Monday, May 10, 2021

Spring Metro Vancouver Council of Councils Meeting: Budgets, Metro 2050 Regional Growth Strategy, TransLink’s Transport 2050 Strategy

Twice a year, elected local representatives gather for a Metro Vancouver Regional District Council of Councils meeting. During the meeting, we hear updates from regional district staff and have the opportunity to ask questions of regional district staff.

On Saturday, around 120 local representatives attended a Zoom meeting.

I virtually attended Saturday’s Metro Vancouver Council of Councils meeting.

Regional district staff noted that the 2021 operation budget is $939.5 million, with the loin’s share of expense for water and liquid waste services. The capital budget for 2021 is $1.5 billion, funding significant wastewater treatment plant new-builds and renewals. The capital budget is funding by a combination of operation budget contributions, developer charges, and debt.

Staff also noted that they are continually looking to find new revenue streams and cost-saving opportunities. For example, they said selling natural gas as a byproduction of liquid waste management is a new revenue stream.

Metro Vancouver’s Climate Action Committee chair presented roadmaps for our region to become carbon neutral by 2050. One of the direct actions that municipalities can take is to adopt higher steps of the BC Energy Step Code. Metro Vancouver will encourage all municipalities to adopt Step 4 or 5.

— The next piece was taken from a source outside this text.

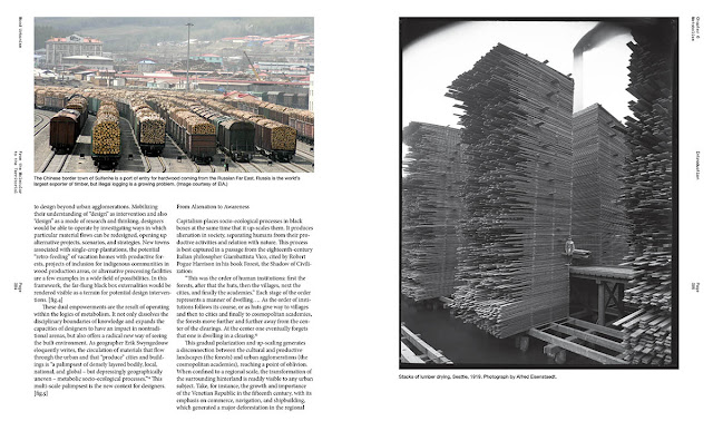 Wood Urbanism: From the Molecular to the TerritorialDaniel Ibañez, Jane Hutton, Kiel Moe (Editors) Actar Publishers, November 2019Hardcover | 8 x 10-1/4 inches | 488 pages | English | ISBN: 978-1945150814 | $54.95PUBLISHER'S DESCRIPTION: Wood holds unique and timely lessons for urbanization, yet it remains inadequately characterized in architecture, landscape architecture, and urbanism. From under-considered thermal properties to emerging manufacturing possibilities, from changing forestry regimes to larger carbon cycle dynamics, Wood Urbanism explores the unique material and scalar properties of wood, presenting it as a critical material for design today. It brings into conversation scholars and practitioners who focus on wood from a range of perspectives: from the working forest to the mid-rise building to the basic cell. Drawing from the inherent intelligence and depth of multiple disciplines, this book offers a transcalar perspective on the role of wood in contemporary urbanization: from the imperceptibly small to the confoundingly large. REFERRAL LINKS: dDAB COMMENTARY: If one word jumps out throughout Wood Urbanism, it's not "wood" or "timber" or even "carbon." It's "trans-scalar." With a movement "from the molecular to the territorial," as the subtitle indicates, the book examines wood across multiple scales. To do so it must rely on the expertise of multiple disciplines: architects, landscape architects, and urban designers, for sure — this book came out of an event at Harvard GSD, after all — but also scientists, artists, photographers, and geographers. Fittingly, it is edited by an architect (Moe), an architect/urbanist (Ibañez), and a landscape architect (Hutton). Wood Urbanism is organized through sixes. There are six chapters that follow the trans-scalar approach: Species, Carbon, Thermal, Ecology, Urbanism, and Metabolism. Each chapter is then broken down into six contributions: an Introduction by one of the editors; a Position piece by a relevant expert; a Case, Project, and Prospect, all basically short case studies; and a Visual Essay that articulates the scale in an unexpected way. With this structure, the 36 contributions to the hefty book are roughly equal parts technical, design, and eye candy. An illustrated glossary at the back of the book is the only departure from the six-by-six structure, one that defines concepts that emerged in the course of the book's research and creation. Building in timber is not as simple as designing a form and then — harking back to my student days — selecting wood rather than steel and concrete. It is most successful when the design process involves a deep understanding of the material's behavior, chemistry, ecology, and so forth. Wood Urbanism is not a one-stop shop for architects interested in building with mass timber rather than steel and concrete, but the book's trans-scalar, trans-disciplinary approach makes it a must for any designer who wants a broad, intellectual understanding of the potentials of the most sustainable material around. SPREADS:

I posted the transportation and housing updates for Metro 2050, the region’s proposed updated new regional growth strategy, last week. Regional district staff highlighted Metro 2050, including:

  • Creating a compact urban area
  • Strengthening the Urban Contain Boundary by focusing growth in urban centres and transit corridors
  • Protecting industrial land, local food production, and food security
  • Protecting conservation and recreation land
  • Protecting, restoring, and connecting ecosystems throughout the region by ensuring 50% of the region is natural areas
  • Reducing GHG emissions through land-use and settlement patterns.
  • Expanding the variety and supply of housing
  • Increasing affordable housing with a focus on affordable housing near transit
  • Supporting sustainable transportation choices like walking, cycling, and transit

Metro Vancouver staff stated that housing affordability is still the most significant concern among elected officials.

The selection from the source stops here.